Evidence can be presented in various forms including (but not limited to):

  • Samples of work completed
  • Position descriptions
  • References
  • Testimonials from supervisors or employers
  • Qualification certificates
  • Licences
  • Assessment work and results
  • Statements of results / attainment
  • Work records
  • Log books
  • Diaries

Copies of official documents used as evidence must be copied from verifiable original documents. We may verify a document with the producer of the document. You will need to be able to show us the original documents if we request you to do so.

The evidence that you submit must be:

  • Valid – This term refers to the accuracy of the evidence presented.  Does it cover the full scope and depth of the unit, including the assessment guide?  If only some of the elements are represented in the evidence or it lacks detail, then its validity must be questioned.
  • Reliable – This term refers to the assessor’s ability to consistently judge the evidence accurately.
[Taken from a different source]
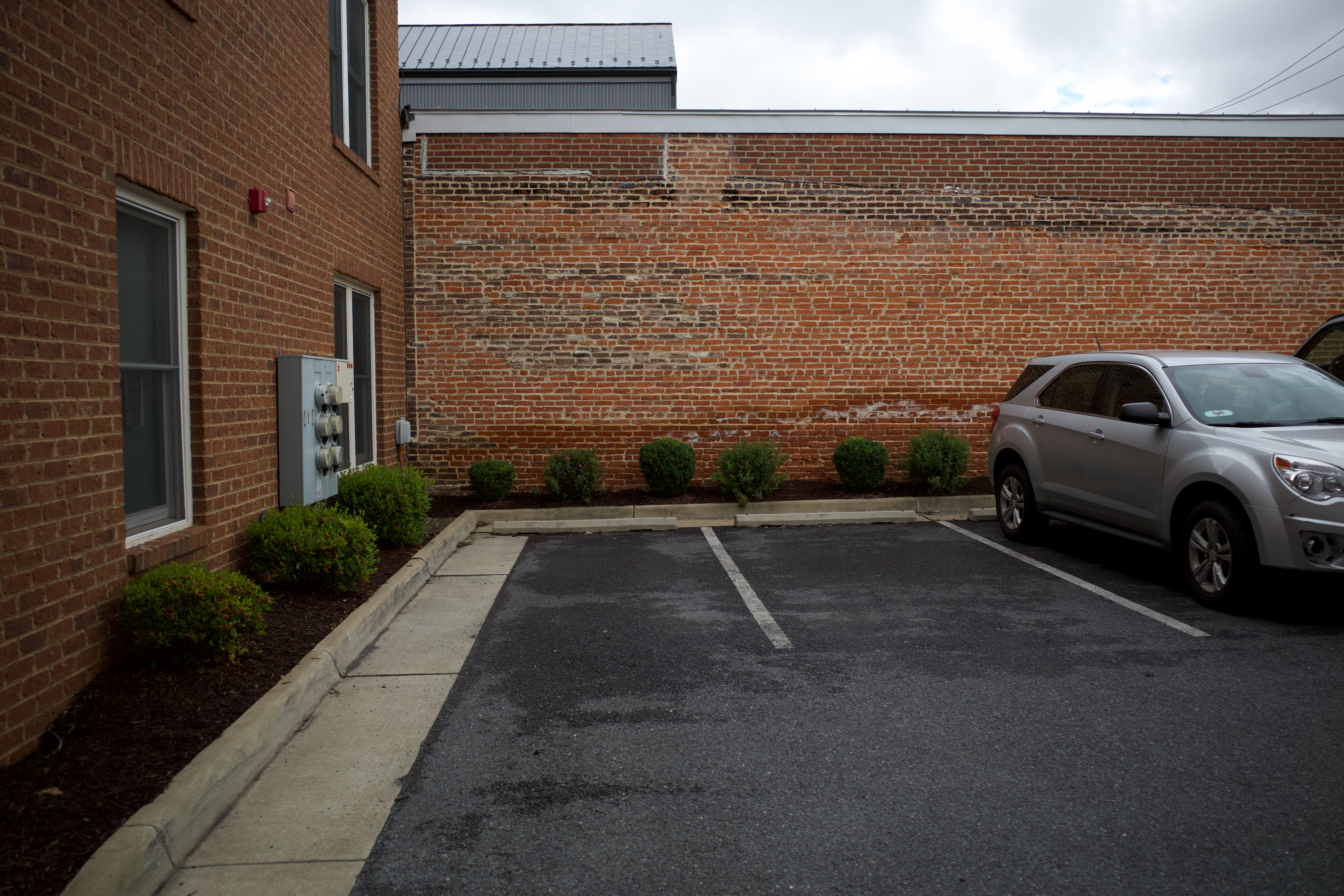 A quiet parking area lies secluded against a textured brick wall, creating a stark contrast between the roughness of the surface and the neatly trimmed greenery. Soft, diffused light envelops the scene, lending a calm, subdued atmosphere, while a solitary silver SUV adds a hint of modernity to the otherwise minimal composition. The absence of activity suggests a moment frozen in time, inviting reflection on the urban landscape's interplay of nature and structure.

For example, if the material is vague, poorly presented and not well referenced to the unit content, it is likely to be judged more subjectively than would otherwise be the case.  Reliability can be enhanced when evidence is clear and concise, well referenced, uses more than one technique and comes from different locations and time.
  • Current – This term refers to the age of the evidence.  For example, the knowledge and skills gained in a course that was completed 15 years ago may no longer be current if the holder has not practiced in the relevant profession.  This term is highly subjective, as it is based on personal opinion as to whether evidence is current or not.  As a general rule, evidence that was gained within the last few years should, in general, be considered current – depending on the qualification / units you are applying for.
  • Authentic – Authenticity refers to the ownership of the evidence.  It mainly relates to a qualification which can be fabricated, especially given the availability of modern computer software.  If a qualification presented is likely to carry enough weight to provide the applicant with evidence of their currency, and there is doubt about its authenticity, we may need to contact the issuer.
  • Sufficient – Sufficiency is an all-encompassing term that, in part, overlaps the other terms.  The assessors need to decide if there is sufficient evidence to justify the claim of competency.  The assessor first needs to ask if the evidence is corroborated.  For example, is there more than one source of evidence, or does it all depend on one testimonial from a single supervisor?  If there are several types of evidence which support each other, then the assessor is likely to have more confidence in it.  For example, if two supervisors provided independent evidence of the applicant’s competence, and the evidence was consistent, then the assessor might judge this evidence as sufficient.  Alternatively, if an applicant provided a work record without providing details about levels of responsibility and work undertaken, then this evidence could be considered insufficient.